SOL S.A. Líneas Aéreas was an Argentine airline founded in 2005, and operating since August 2006 pursuant to an agreement between Transatlántica Group and the government of Santa Fe Province, who sought to improve air connections between the cities of Córdoba and Santa Fe. It had its headquarters in Rosario.

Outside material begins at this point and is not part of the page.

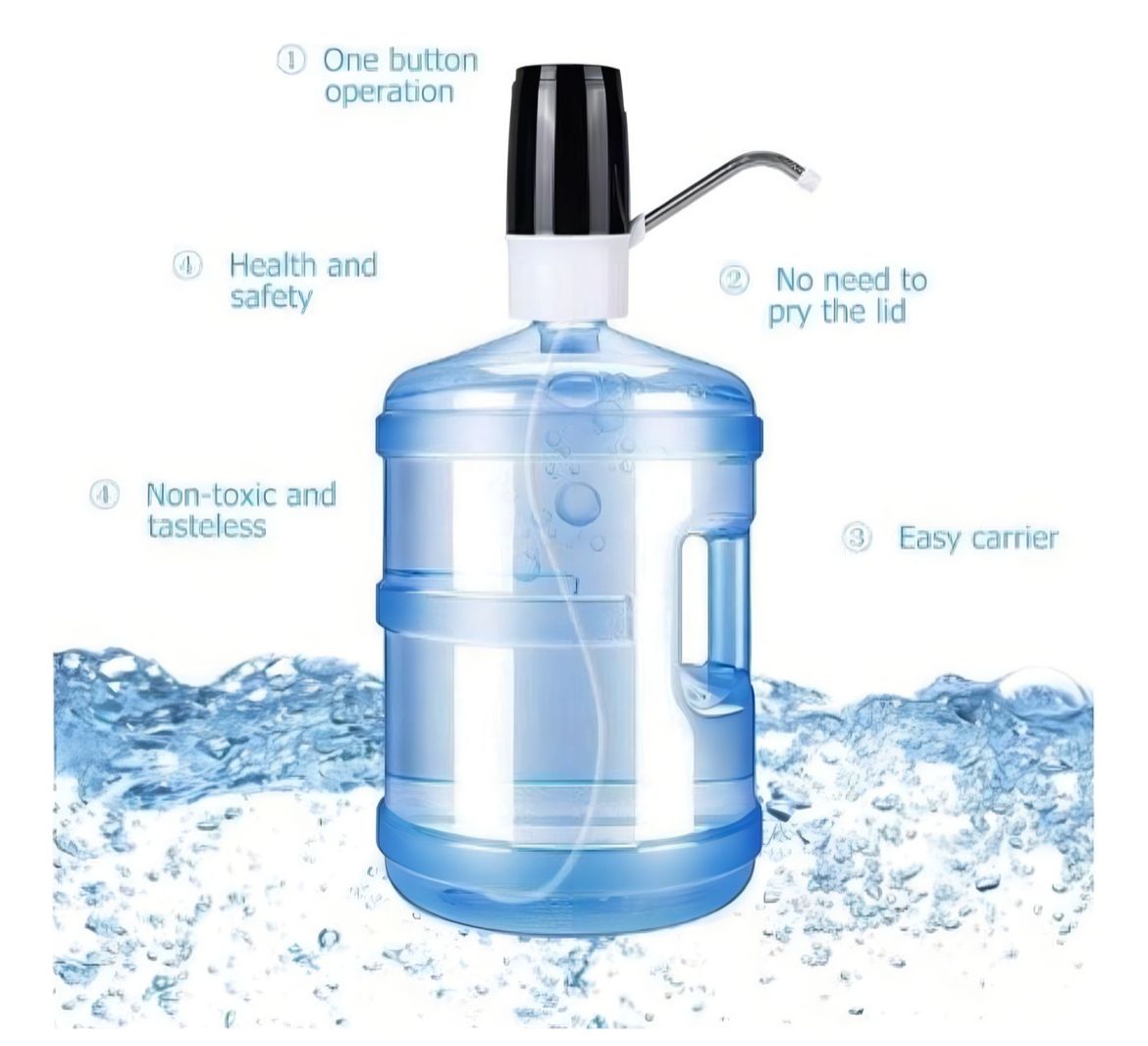 Bomba eléctrica para extraer agua directamente desde el bidón. Ideal para vacaciones, hogares con poco espacio y para personas que tienen dificultades físicas que les impidan manejar dispensadores que requieran esfuerzo con la carga del bidón. Compatible con botellones de hasta 20 litros.
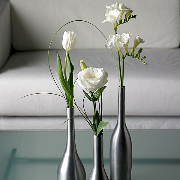 - Place bud vases in high traffic home areas – with even just a few flowers. Any decorative glass from the kitchen will do!

The airline filed for bankruptcy and ceased operation in January 2016. At the time of closure, the airline's fleet was made up of Saab 340 A/B and Bombardier CRJ200 aircraft.

==Corporate affairs==

===Key people===
As of November 2013, Horacio Gabriel Angeli held the company's chief executive and president positions.

== Destinations ==
Sol Líneas Aéreas served the following destinations throughout its history:

| Country | City | Airport name | Refs |
| Argentina | Bahía Blanca | Comandante Espora Airport |  |
| Bariloche | San Carlos de Bariloche Airport |  |
| Buenos Aires | Aeroparque Jorge Newbery |  |
| Comodoro Rivadavia | General Enrique Mosconi International Airport |  |
| Córdoba | Ingeniero Ambrosio L.V. Taravella International Airport |  |
| Esquel | Esquel Airport |  |
| Mar del Plata | Astor Piazzolla International Airport |  |
| Mendoza | Governor Francisco Gabrielli International Airport |  |
| Merlo | Villa de Merlo Airport |  |
| Neuquén | Presidente Perón International Airport |  |
| Río Gallegos | Piloto Civil Norberto Fernández International Airport |  |
| Río Grande | Hermes Quijada International Airport |  |
| Rosario | Islas Malvinas International Airport |  |
| San Luis | Brigadier Mayor César Raúl Ojeda Airport |  |
| Santa Fe | Sauce Viejo Airport |  |
| Trelew | Almirante Marcos A. Zar Airport |  |
| Tucumán | Teniente General Benjamín Matienzo International Airport |  |
| Ushuaia | Ushuaia – Malvinas Argentinas International Airport |  |
| Villa Gesell | Villa Gesell Airport |  |
| Villa Mercedes | Villa Reynolds Airport |  |
| Uruguay | Montevideo | Carrasco International Airport |  |
| Punta del Este | Capitan Corbeta C.A. Curbelo International Airport |  |

==Fleet==
At time of shutdown:

SOL Líneas Aéreas fleet
| Aircraft | In fleet | Orders | Passengers |  |  | Notes |
| C | Y | Total |
| Bombardier CRJ200 | — | 5 | — | 50 | 50^{[citation needed]} |  |
| Saab 340 A/B | 4 | — | — | 34 | 34^{[citation needed]} |  |
| Total | 4 | 5 |  |  |  |  |

In 2015, the airline took delivery of the first of six CRJ200 aircraft (leased from Air Nostrum) that were to enter service from October 2015.

==Accidents and incidents==

18 May 2011: Flight 5428, a 1985-built Saab 340A, tail number LV-CEJ, operating a scheduled domestic Córdoba–Mendoza–Neuquén–Comodoro Rivadavia passenger service, crashed in Prahuaniyeu, 25 km south-west of Los Menucos, in Río Negro Province, Argentina, while en route the last leg, following several distress calls made by the pilots. All 22 occupants of the aircraft, of whom 19 were passengers, perished in the accident. The cause of the accident had not been determined as of September 2011, although ice accumulation on the aircraft wings is believed to have been a factor.